### Exercise goal
What is needed is the exact text of each line in the listing below from the one with "Conjunto de Saco" up to and including the one with "Sản phẩm DUCO", and no pictures.

### Exercise materials
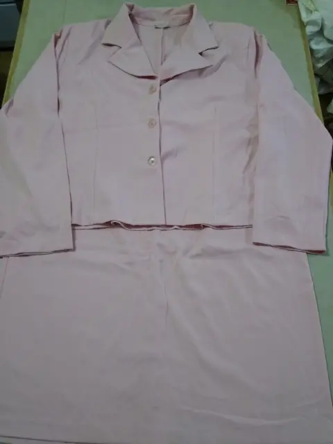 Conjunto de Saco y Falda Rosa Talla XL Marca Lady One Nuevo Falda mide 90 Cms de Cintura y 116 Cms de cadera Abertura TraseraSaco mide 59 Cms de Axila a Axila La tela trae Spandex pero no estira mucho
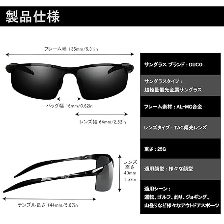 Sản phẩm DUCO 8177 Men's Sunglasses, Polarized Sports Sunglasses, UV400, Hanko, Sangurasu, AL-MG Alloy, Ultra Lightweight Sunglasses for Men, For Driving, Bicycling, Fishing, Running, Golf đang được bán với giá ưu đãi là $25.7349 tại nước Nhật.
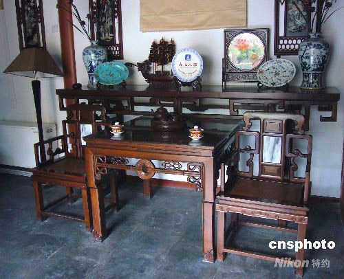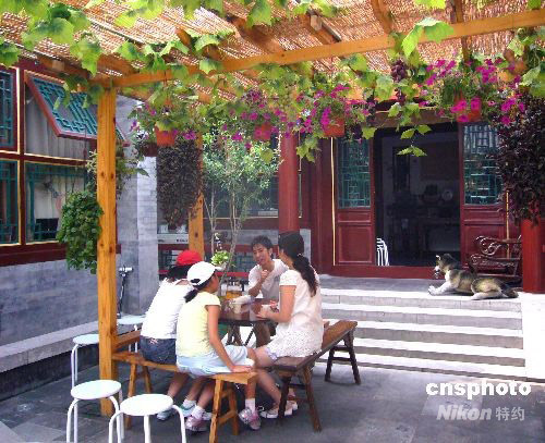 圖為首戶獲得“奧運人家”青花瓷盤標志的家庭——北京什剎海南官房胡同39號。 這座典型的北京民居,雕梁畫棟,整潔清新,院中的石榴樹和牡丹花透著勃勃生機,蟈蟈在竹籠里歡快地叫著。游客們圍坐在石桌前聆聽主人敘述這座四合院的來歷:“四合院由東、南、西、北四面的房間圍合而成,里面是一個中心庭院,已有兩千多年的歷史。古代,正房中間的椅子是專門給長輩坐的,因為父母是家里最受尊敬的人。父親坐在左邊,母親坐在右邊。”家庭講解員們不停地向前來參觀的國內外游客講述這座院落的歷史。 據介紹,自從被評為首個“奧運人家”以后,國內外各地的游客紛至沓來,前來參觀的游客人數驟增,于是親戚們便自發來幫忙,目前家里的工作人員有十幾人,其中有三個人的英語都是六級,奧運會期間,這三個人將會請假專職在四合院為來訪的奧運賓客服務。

* * *

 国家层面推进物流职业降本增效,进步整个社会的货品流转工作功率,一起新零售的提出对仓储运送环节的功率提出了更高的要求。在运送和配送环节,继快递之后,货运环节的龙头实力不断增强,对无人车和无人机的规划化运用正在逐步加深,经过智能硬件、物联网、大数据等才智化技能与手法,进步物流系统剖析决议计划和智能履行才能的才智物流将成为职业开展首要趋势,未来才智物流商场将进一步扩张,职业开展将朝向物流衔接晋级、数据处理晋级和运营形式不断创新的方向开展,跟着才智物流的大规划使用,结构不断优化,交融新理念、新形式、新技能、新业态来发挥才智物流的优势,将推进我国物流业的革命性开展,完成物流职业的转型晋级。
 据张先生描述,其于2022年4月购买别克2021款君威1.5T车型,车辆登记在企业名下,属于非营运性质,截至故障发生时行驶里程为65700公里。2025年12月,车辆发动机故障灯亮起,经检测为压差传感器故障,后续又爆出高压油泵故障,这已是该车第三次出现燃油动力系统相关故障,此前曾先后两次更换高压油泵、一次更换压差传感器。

...

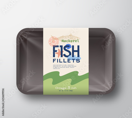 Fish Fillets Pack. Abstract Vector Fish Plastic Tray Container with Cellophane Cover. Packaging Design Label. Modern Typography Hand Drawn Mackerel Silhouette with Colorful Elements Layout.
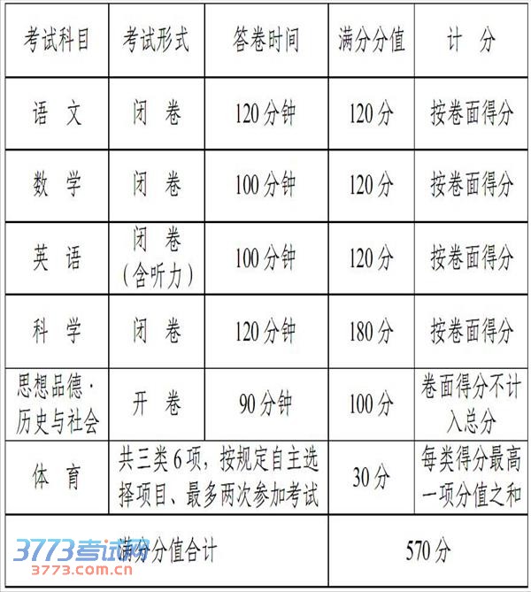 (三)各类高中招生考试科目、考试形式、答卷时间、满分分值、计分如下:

### Exercise answer
 Conjunto de Saco y Falda Rosa Talla XL Marca Lady One Nuevo Falda mide 90 Cms de Cintura y 116 Cms de cadera Abertura TraseraSaco mide 59 Cms de Axila a Axila La tela trae Spandex pero no estira mucho
 Sản phẩm DUCO 8177 Men's Sunglasses, Polarized Sports Sunglasses, UV400, Hanko, Sangurasu, AL-MG Alloy, Ultra Lightweight Sunglasses for Men, For Driving, Bicycling, Fishing, Running, Golf đang được bán với giá ưu đãi là $25.7349 tại nước Nhật.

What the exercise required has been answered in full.